## [EXERCISE DETAILS]
Please transcribe the data that follows exactly as given, leaving out every picture.

Data entries:
Start of Block

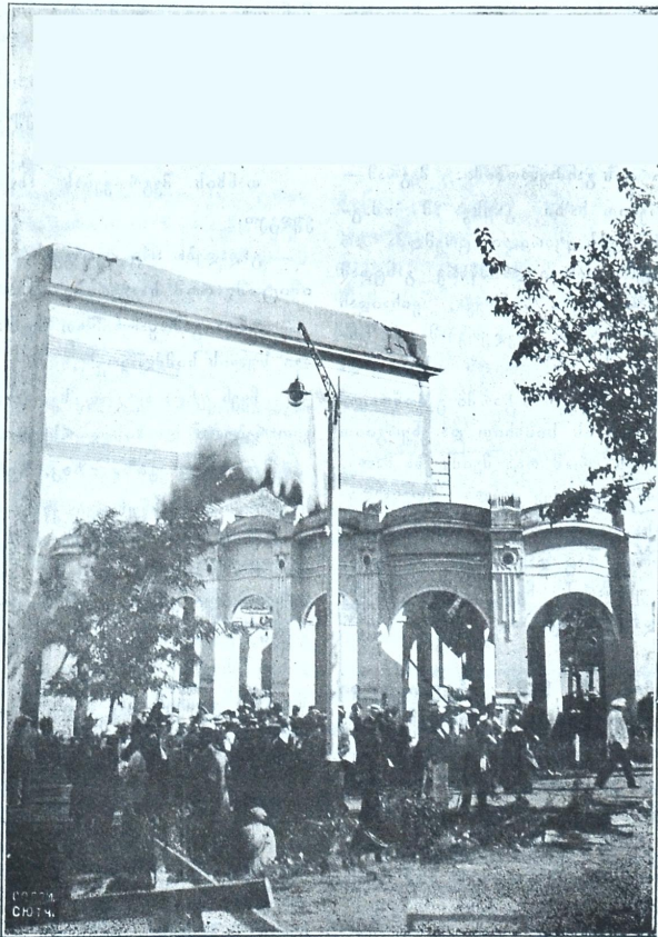
დამწვარი თეატრი(ბალის მხრით)
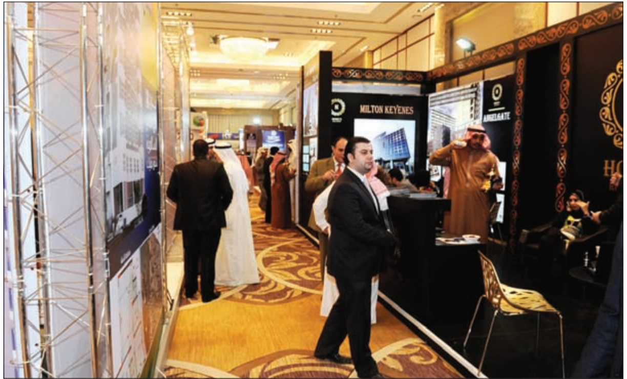
معرض «فبراير العقاري» 2015 سجل إقبالا جماهيريا
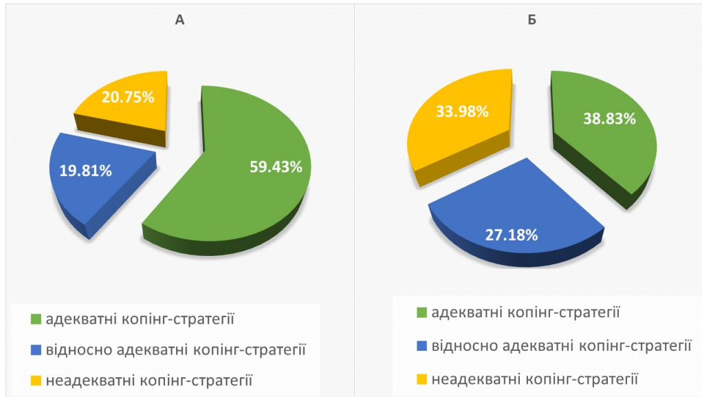
Рис. 2: Копінг-стратегії у хворих на рекурентний депресивний розлад та осіб без психічних розладів (за методикою E. Heim).
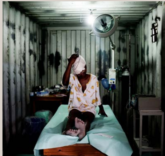
La situación crítica de heridos en Puerto Príncipe obliga a MSF a instalar un quiosque en un contenedor de mercancías.
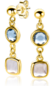
ZIO2526G oorsieraden 28mm 49.95
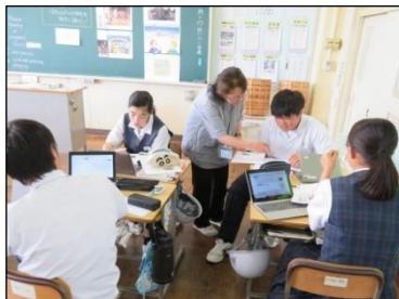
3年A組 英語 会話(スピーチ)力を高めています！
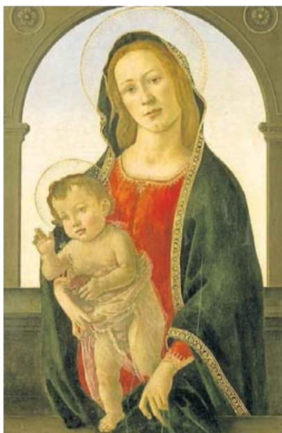
La Verge i Jesús són de Botticelli, el paisatge és fals. MUSEU NACIONAL DE GAL·LES

La pintura va ser cedida per Davies al museu i s'hi ha estat prop de 70 anys, però a partir d'ara serà exposada al públic. Les anàlisis que s'hi han fet, amb modernes tècniques de fotografia d'infrarojos, també revelen que hi ha un rostre masculí ocult amb les marques d'estil de l'artista italià. "Quan vaig veure per
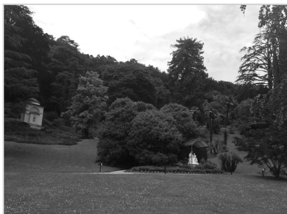
Foto 4 záhrada Villa Vigoni
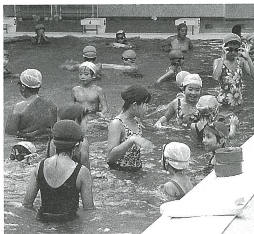
水温30℃、温水プールで真夏の気分

年末年始の疲れを、プールでふきとばそう! 海洋センターでは、1月5日(金)プールを無料開放します。当日は甘酒のサービスもありますので、是非おいでください。
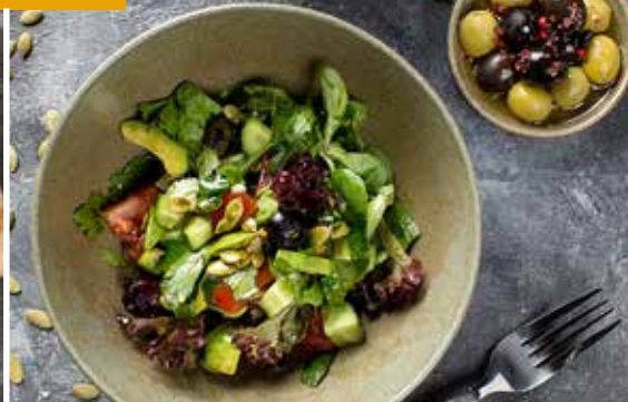
ЗЕЛЕНЬЙ САЛАТ микс салатов, с добавлением огурца, помидоров и авокадо. Green salad made of salad mix, cucumber, tomatoes, and avocado.
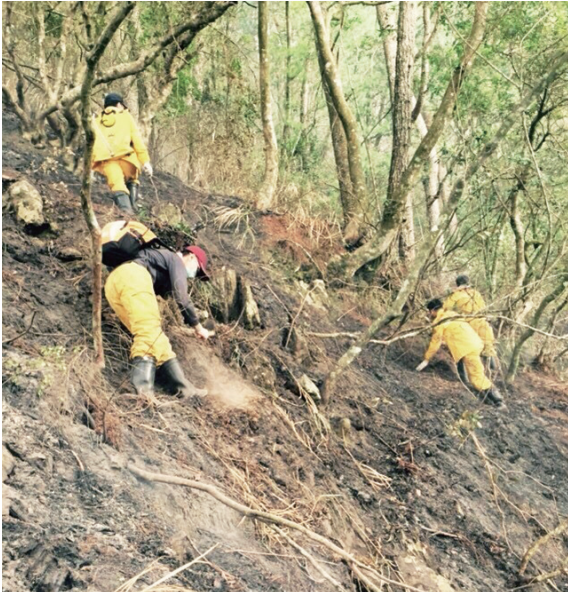
▲搶救森林火災現場照片。
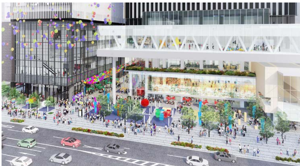
グランドオープン時（2024年）の京橋彩区のイメージ

当計画の第一段階として2019年7月、永坂産業が街区北側で建築中の「ミュージアムタワー京橋」が先行オープンします。これに合わせて、永坂産業と戸田建設の両社は当街区の文化貢献施設部分の名称を「京橋彩区」（きょうばし さいく）と決定するとともに、当街区を新しい「まちに開かれた芸術・文化拠点」として運営、発展させるための組織として、本年4月1日付で「一般社団法人 京橋彩区エリアマネジメント」を発足します。
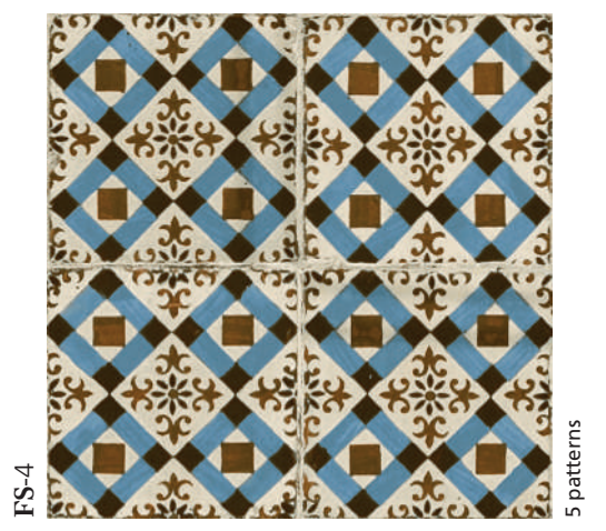
FS-4 5 patterns
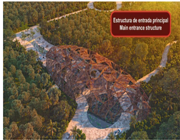
Estructura de entrada principal Main entrance structure
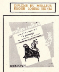
Sonate du Printemps (Beethoven) MC - 3003
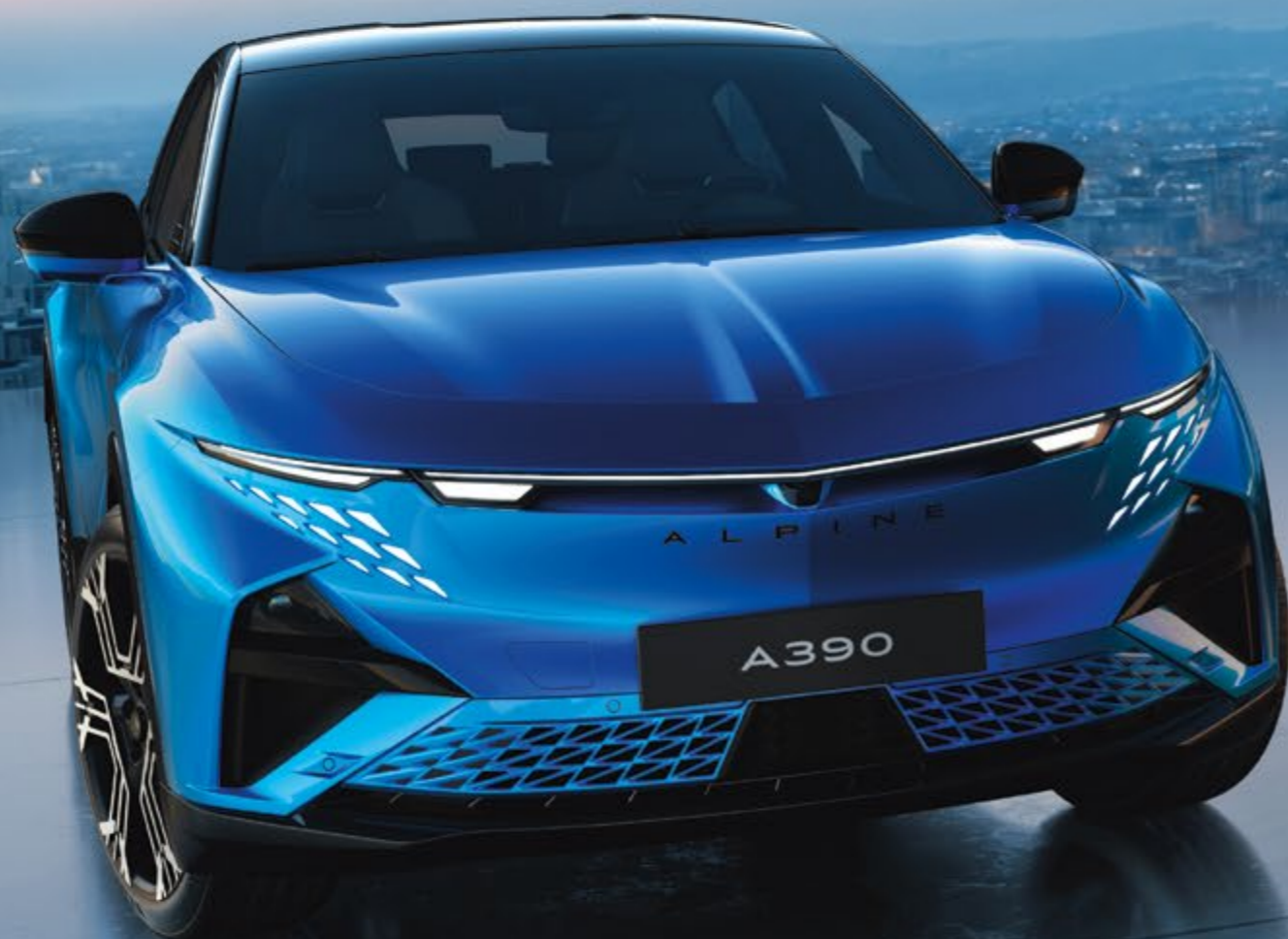
ALPINE A390 GTS *
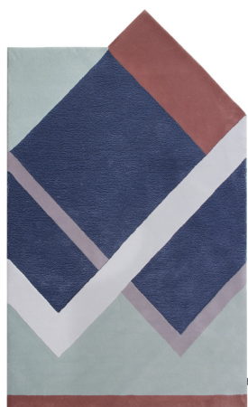
RB 01 Line Up
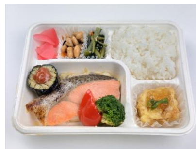
トラウトサーモンの塩焼き弁当
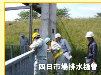
四日市場排水樋管
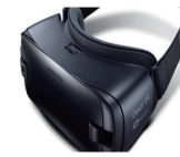
New 기어 VR
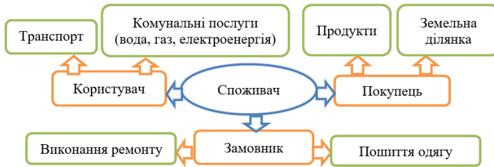
Рис.1. Кластер до поняття «споживач»

З опорою на життєвий досвід та за допомогою методу «кластер» учні можуть із ключовим поняттям створити видові зв'язки (рис.1).
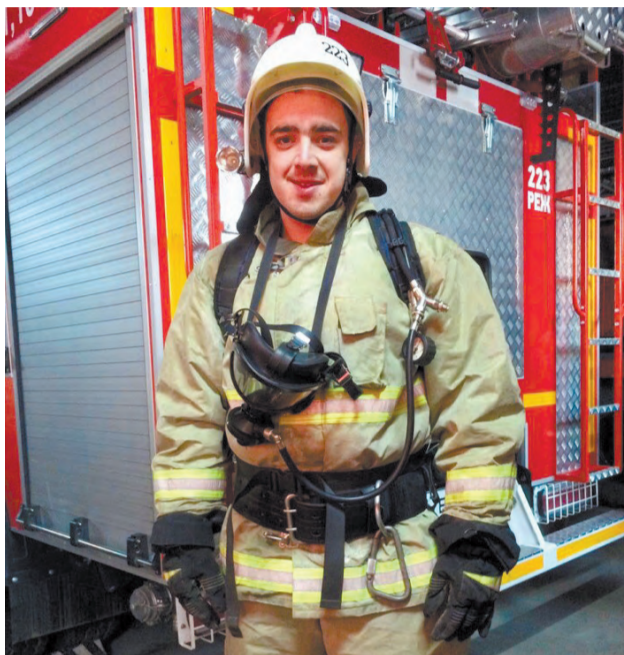
Спасатель готов к работе.

End of Block

## [RESPONSE BELOW]
დამწვარი თეატრი(ბალის მხრით)
معرض «فبراير العقاري» 2015 سجل إقبالا جماهيريا
Рис. 2: Копінг-стратегії у хворих на рекурентний депресивний розлад та осіб без психічних розладів (за методикою E. Heim).
La situación crítica de heridos en Puerto Príncipe obliga a MSF a instalar un quiosque en un contenedor de mercancías.
ZIO2526G oorsieraden 28mm 49.95
3年A組 英語 会話(スピーチ)力を高めています！
La Verge i Jesús són de Botticelli, el paisatge és fals. MUSEU NACIONAL DE GAL·LES

La pintura va ser cedida per Davies al museu i s'hi ha estat prop de 70 anys, però a partir d'ara serà exposada al públic. Les anàlisis que s'hi han fet, amb modernes tècniques de fotografia d'infrarojos, també revelen que hi ha un rostre masculí ocult amb les marques d'estil de l'artista italià. "Quan vaig veure per
Foto 4 záhrada Villa Vigoni
水温30℃、温水プールで真夏の気分

年末年始の疲れを、プールでふきとばそう! 海洋センターでは、1月5日(金)プールを無料開放します。当日は甘酒のサービスもありますので、是非おいでください。
ЗЕЛЕНЬЙ САЛАТ микс салатов, с добавлением огурца, помидоров и авокадо. Green salad made of salad mix, cucumber, tomatoes, and avocado.
▲搶救森林火災現場照片。
グランドオープン時（2024年）の京橋彩区のイメージ

当計画の第一段階として2019年7月、永坂産業が街区北側で建築中の「ミュージアムタワー京橋」が先行オープンします。これに合わせて、永坂産業と戸田建設の両社は当街区の文化貢献施設部分の名称を「京橋彩区」（きょうばし さいく）と決定するとともに、当街区を新しい「まちに開かれた芸術・文化拠点」として運営、発展させるための組織として、本年4月1日付で「一般社団法人 京橋彩区エリアマネジメント」を発足します。
FS-4 5 patterns
Estructura de entrada principal Main entrance structure
Sonate du Printemps (Beethoven) MC - 3003
ALPINE A390 GTS *
RB 01 Line Up
トラウトサーモンの塩焼き弁当
四日市場排水樋管
New 기어 VR
Рис.1. Кластер до поняття «споживач»

З опорою на життєвий досвід та за допомогою методу «кластер» учні можуть із ключовим поняттям створити видові зв'язки (рис.1).
Спасатель готов к работе.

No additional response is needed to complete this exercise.